As they took their seats on a TransAsia Airways flight that crashed in Taipei on Wednesday, Lin Ming-wei and his young family were looking forward to a vacation.
But a noise made Lin uneasy, and shortly before takeoff, he asked cabin staff whether they could take an empty row on the rear right-hand side of the plane, which was bound for Kinmen, an island in the Taiwan Strait, local media reported.
Minutes later, Lin was fighting his way out of the plane’s wreckage and searching frantically for his toddler in the shallow, murky waters of Keelung River.
He searched for three minutes before spotting his son’s feet in the water.
“When he pulled him out, he had no heartbeat,” Lin Ming-wei’s brother, using his English name Chris Lin, told CNN. “His lips were blue. There was no sign of life in him.”
Lin Ming-wei didn’t give up, performing CPR on his son.
“He is my only child. I absolutely have to save his life — I can’t lose him,” the Liberty Times newspaper quoted him as saying.
The 2½-year-old boy made it and was in a hospital Thursday, about to be discharged from the intensive care unit as he battles pneumonia, his uncle said. Chris Lin said that his brother, Lin Ming-wei, suffered some scratches, while his sister-in-law fractured some bones and is recovering well after surgery on her left hand.
“My brother was really grateful for the rescue teams (and) the pilot,” said Chris Lin. “Because of (the pilot’s) heroic act, he was able to save a lot of people — and allow our family to survive.”
Lucky escape
Lin Ming-wei puts his family’s survival down to the last-minute decision to switch seats.
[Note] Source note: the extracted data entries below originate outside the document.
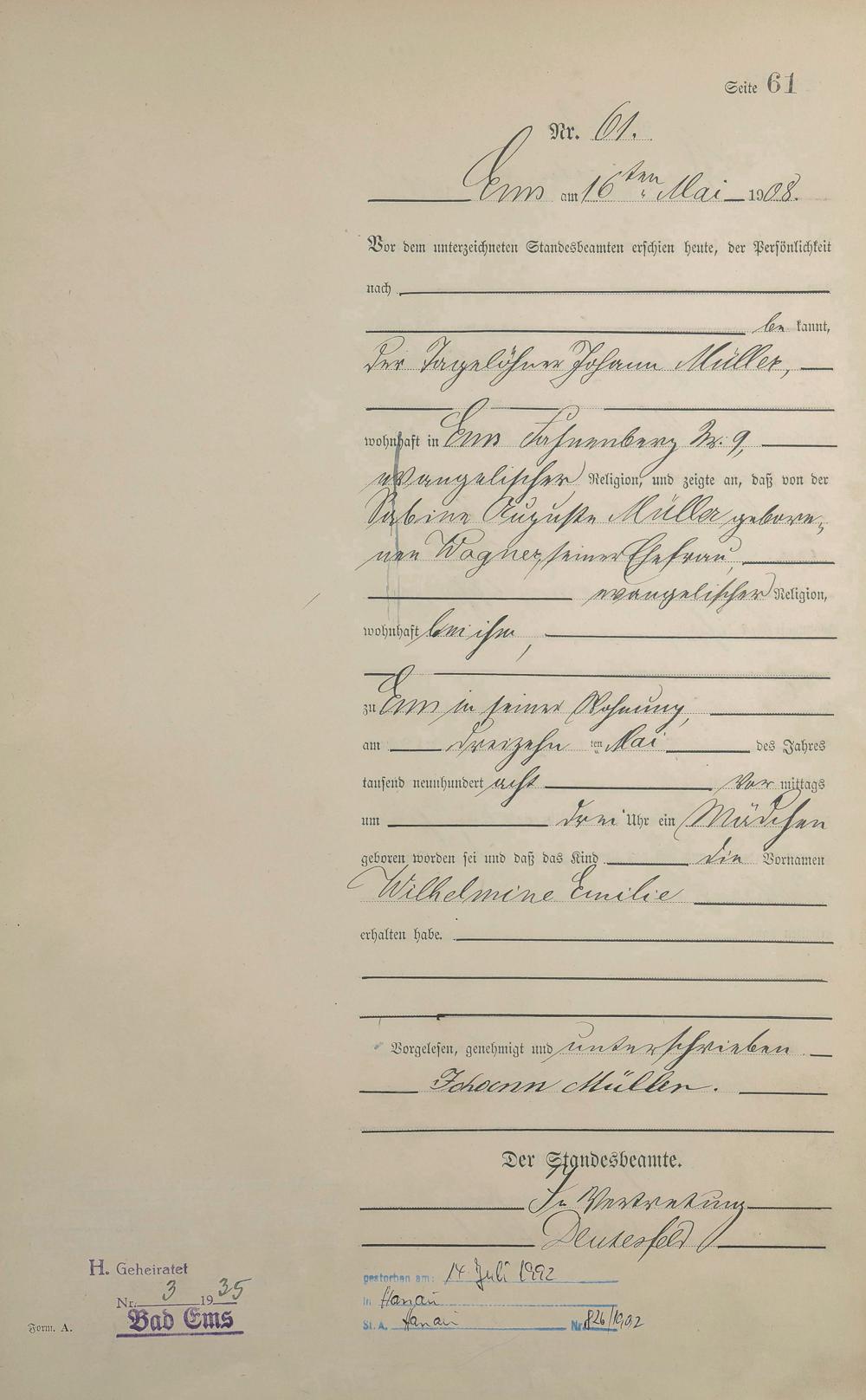 Geburtsregister 1908
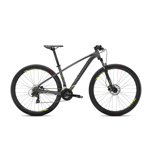 aluminio 27,5” y 29” / Frenos de disco hidráulico / Suspensión en aluminio con bloqueo / Pedal en aleación de aluminio / Pintura con acabados mate
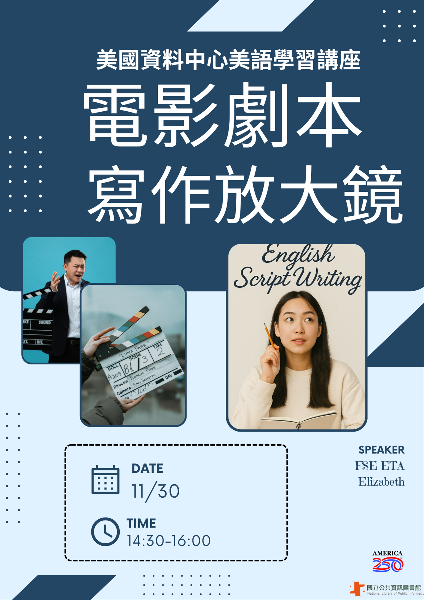 本館邀請Fulbright ETA Beth 介紹她專長的電影劇本寫作,以兩階段課程,帶領讀者從電影語言與結構入門,到實際創作對白與劇情發展。
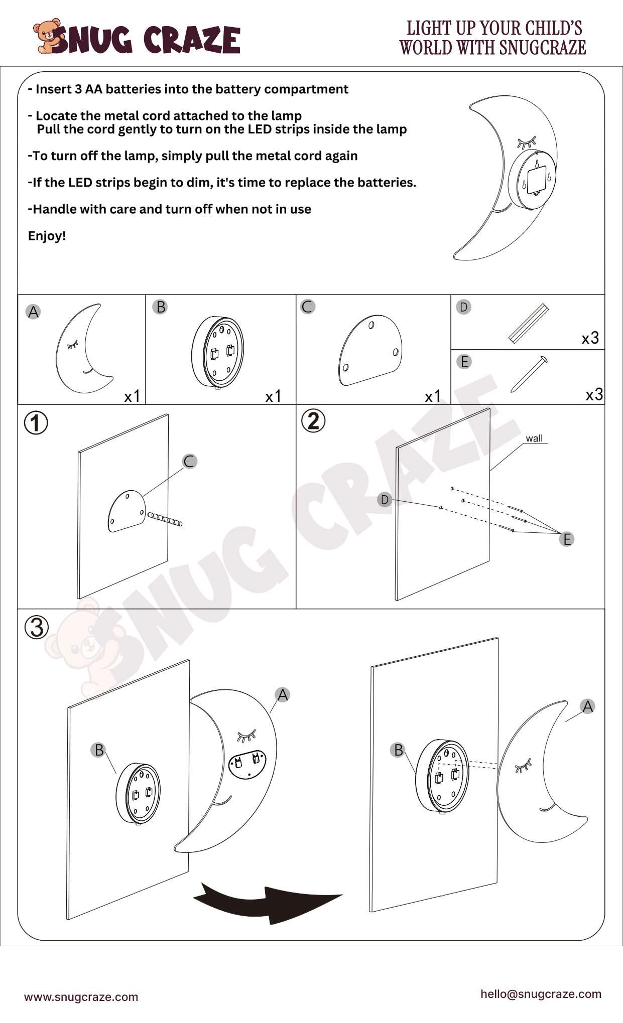 Crafted from non-toxic, kid-safe materials, every piece is thoughtfully built with maximum safety in mind. Installation is simple and hassle-free, and the child-friendly pull switch makes daily use easy and fun. Both cloud lights in this bundle can be personalised with your child’s name for an extra cost, turning a glowing nursery accessory into a memorable keepsake. Whether it’s for a new nursery, birthday, or a comforting bedtime glow, this bundle is made to warm the hearts of both parents and little ones.
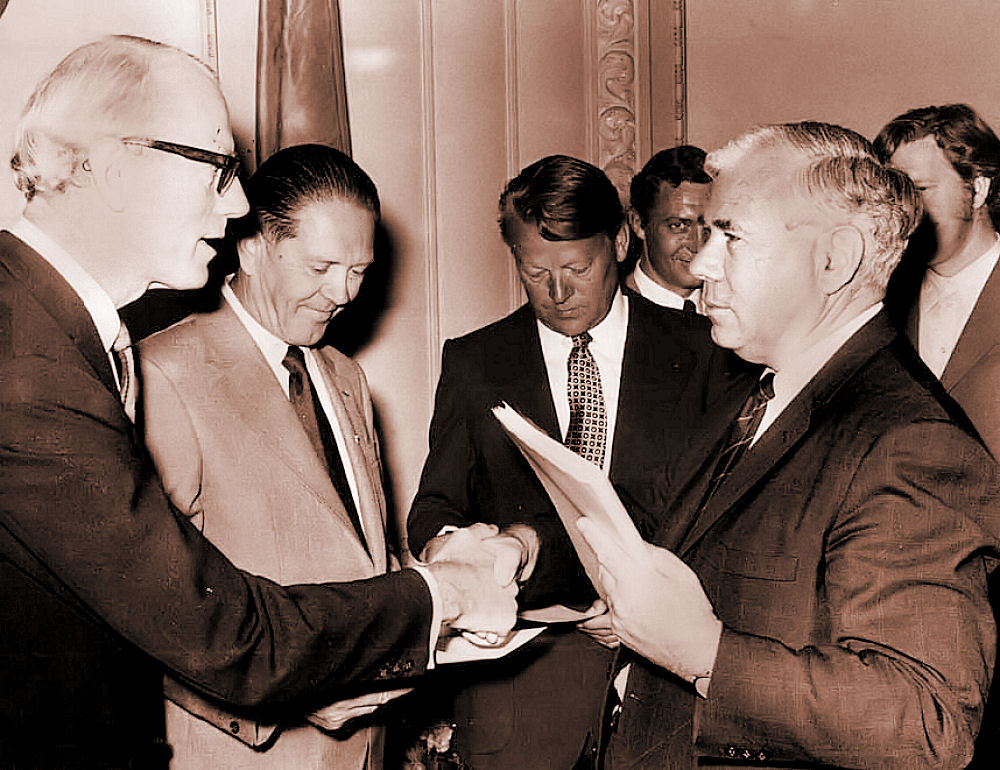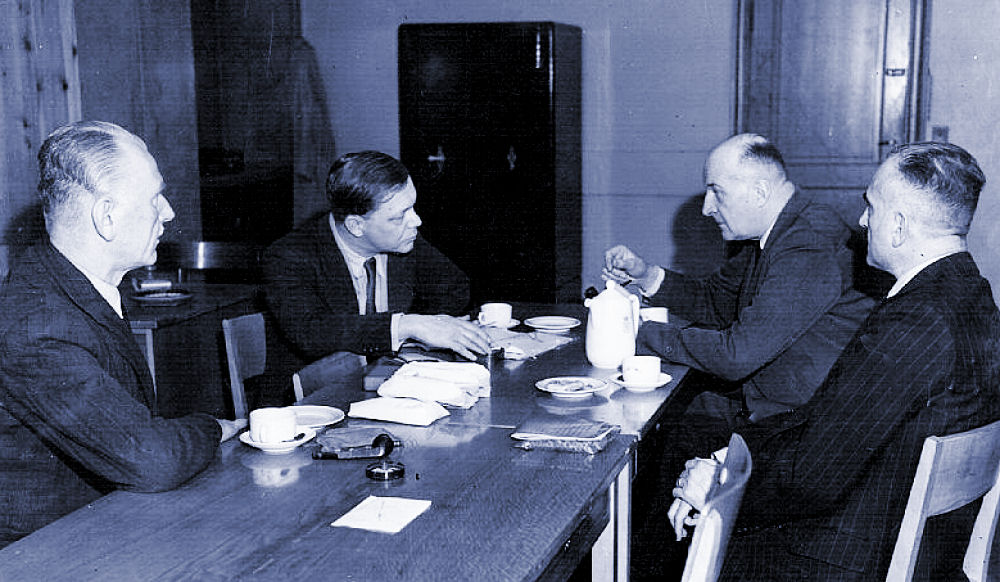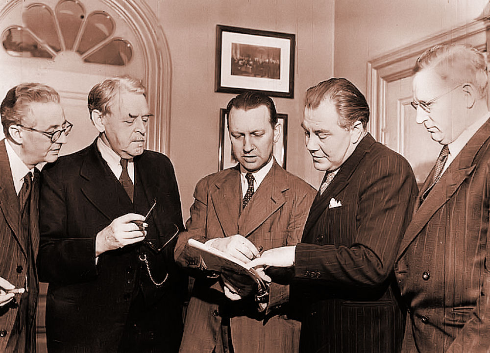 Her på billedet ser du fra venstre mod højre, Alsing Andersen, Vilhelm Buhl, H.C. Hansen, Hans Hedtoft og Niels Busch-Jensen. De var alle særdeles aktive i AIC - Arbejdernes Informations Central. De indtog også centrale poster som statsministre og ministre. De var alle Socialdemokrater. AIC havde som sin hovedopgave at bekæmpe kommunisterne. Vilhelm Buhl sørgede sammen med betroede officerer og den senere general Ebbe Gørtz, at få etableret "den lille generalstab". De sørgede omhyggeligt for, at de våben - især maskinpistoler vi fik fra Sverige ikke gik til de aktive modstandsfolk, men til militærets ventegrupper. De skulle have våbenforsyningerne så de, hvis det kom dertil kunne nedkæmpe kommunisterne. De oprettede også den Danske Brigade i Sverige. En militær politienhed, der kunne sættes ind mod modstandsbevægelsen, hvis den havde til hensigt, at sætte samarbejdspolitikerne fra magten. Det fik et efterspil. I starten af tresserne kunne det i en injuriesag mod dagbladet Land og Folk bevises, at man havde kørt det fordækte dobbeltspil - som fik navnet "den skæve våbenfordeling" og medførte at kaptajn Viggo Hjalf - på det tidspunkt Hærchef - måtte træde tilbage. Det er over 10 siden der skulle indledes en undersøgelse af AIC - vi lægger alt åbent frem erklærede den daværende Socialdemokratiske statsminister Poul Nyrup Rasmussen. Der er ikke kommet meget frem endnu. I besættelsestiden dannede Arne Sejr fra Slagelse Studenternes Efterretningstjeneste. Den fik efter besættelsen kontor i "Buen" ved Frihedsstøtten og fik navnet "Firmaet". Her foretog den emsige tjeneste aflytning, af den kommunistiske formands lejlighed i Langesøhus. En af de medvirkende var den nu afdøde socialdemokratiske forsvarsminister Kjeld Olesen. Det er utroligt, at vi aldrig har fået gjort op med denne selvbestaltede og private spionagevirksomhed og dens registrering af sine medborgere. Dens chikane af medborgere, af anden politisk observans. Dens de-facto berufsverbot indenfor det offentlige og forhindring af karrieforløb. Der lød et ramaskrig i Norge og i Sverige, da de tilsvarende ulovlige efterretningsorganisationers virksomhed kom for en dag. Jeg husker i den tid jeg var ansat i Københavns kommune, at jeg fik det råd at få min partibog i orden ved at melde mig ind i Socialdemokratiet. Jeg fik samtidig af min tillidsmand (han havde været kommunistisk modstandsmand og hans fingre bar tydelige præg af at være knust under afhøringer) det råd ikke at deltage i politisk arbejde, der lå til venstre for Socialdemokraterne. Du får ikke en chance for at avancere uden om systemet og de vil ikke tøve med, at gøre dig helvede hedt. Selvfølgelig kan du avancere efter de regler der gælder herom - du strege ud i den blå personalefortegnelse - og så håbe der opstår en epidemi af en eller anden dødelig smitsom sygdom, men "så kommer du til at skulle vade over lig". Du kan også vælge aldrig, at udtale dig om politik og holde lav profil med din politiske overbevisning. Jeg kunne konstatere, at han havde fuldstændig ret. Min øverste chef var overborgmester Urban Hansen. Ham har jeg oplevet ved et par lejligheder, hvor han prøvede at få mig overtalt til, at undlade at tage pant for skyldige ejendomsskatter i nogle faldefærdige fredede ejendomme på Christianshavn. Jeg lystrede ham naturligvis ikke - det han foretog sig er strafbart. Jeg tænkte mig lige lidt om og tog min afsked og fik job i en omegnskommune. Han havde i øvrigt en form og en optræden, der var så flabet, uforskammet og svinsk, at jeg aldrig har set magen. Ved en lejlighed var nogle gardinarbejdere ikke blevet færdige med at sætte nogle gardiner op i nogle nye lokaler vi havde fået indrettet på Enghavevej. Urban dukkede op og skulle sige os nogle ord. Pludselig opdagede han, at der gik folk og satte gardiner op. Hvorfor er I ikke færdige? I skulle være færdige? Er I vanvittige? Hvis I ikke er færdige i løbet af 2 timer, får I aldrig noget at lave for Københavns kommune mere! Jamen, det firma der skal levere gardinerne er ikke færdige og det kan vi ikke gøre noget ved. Vi er kun gardinopsættere. Det rager mig en pind - de gardiner skal op og det skal være nu! Knyt røven! - sagde gardinarbejderne. Tog deres stiger og ting og gik deres vej. Referat fra DmH´s høring på middelgrundsfortet d. 29 august 2000

Initial reports indicated that it was the left side of the turboprop plane that was seriously damaged in the crash, Taiwan’s Central News Agency reported. The Lins were originally seated on the left.
Chris Lin said his brother told him the plane suddenly dropped after its left engine lost power. After it hit the water, Lin Ming-wei — who was strapped to his seat and upside down — unbuckled himself before helping free his wife, the brother said.
A fire department rescue worker who was one of the first on the scene said the cabin was already chest-deep in water when he entered.
“Many passengers were tangled up in their seat belts and hung upside down,” the Taipei Times quoted him as saying.
Huang Chin-shun, 72, said he helped save four lives by unclipping safety belts.
“Shortly after taking off, I felt something was not right,” he told CNN affiliate ETTV. “I thought: ‘something’s wrong with the engine,’ because I always take this flight.”
Thirteen people were saved in the initial rescue effort but progress slowed and water had completely filled the fuselage by evening, when a crane lifted it from the water.
Taxi driver: ‘A plane flew by and hit me’
The Lins were not the only ones to have a lucky escape.
As the out-of-control plane spiraled into the river on the outskirts of the island’s capital, it clipped a taxi traveling along an elevated highway.
The driver, 52-year-old Chou Hsi-tung, and his female passenger sustained only minor injuries from shattered fragments of windshield glass.
Photographs showed a yellow Volkswagen with a flattened windshield and engine hood.
After the plane hit, the taxi driver made a shocking report to dispatchers.
“I just brought a passenger up unto Huandong, and as I was getting on (the expressway), a plane flew by and hit me,” he said, according to an audio recording of the call released by taxi company Crown Taxi.
“A remote-controlled model plane?” the dispatcher asked.
“My car is completely wrecked,” Chou replied, going on to explain that it wasn’t a remote-controlled plane, but a manned plane.
“Huh?” the puzzled dispatcher responded. “Are there any casualties?”
The driver described the dire situation: “The whole thing fell into the Keelung River. My passenger can’t get out of the vehicle. My car’s wrecked.”
According to the Taipei Times, Chou’s family didn’t believe him at first when he telephoned home to say: “I’m OK. My car got into a crash. It was hit by an airplane.”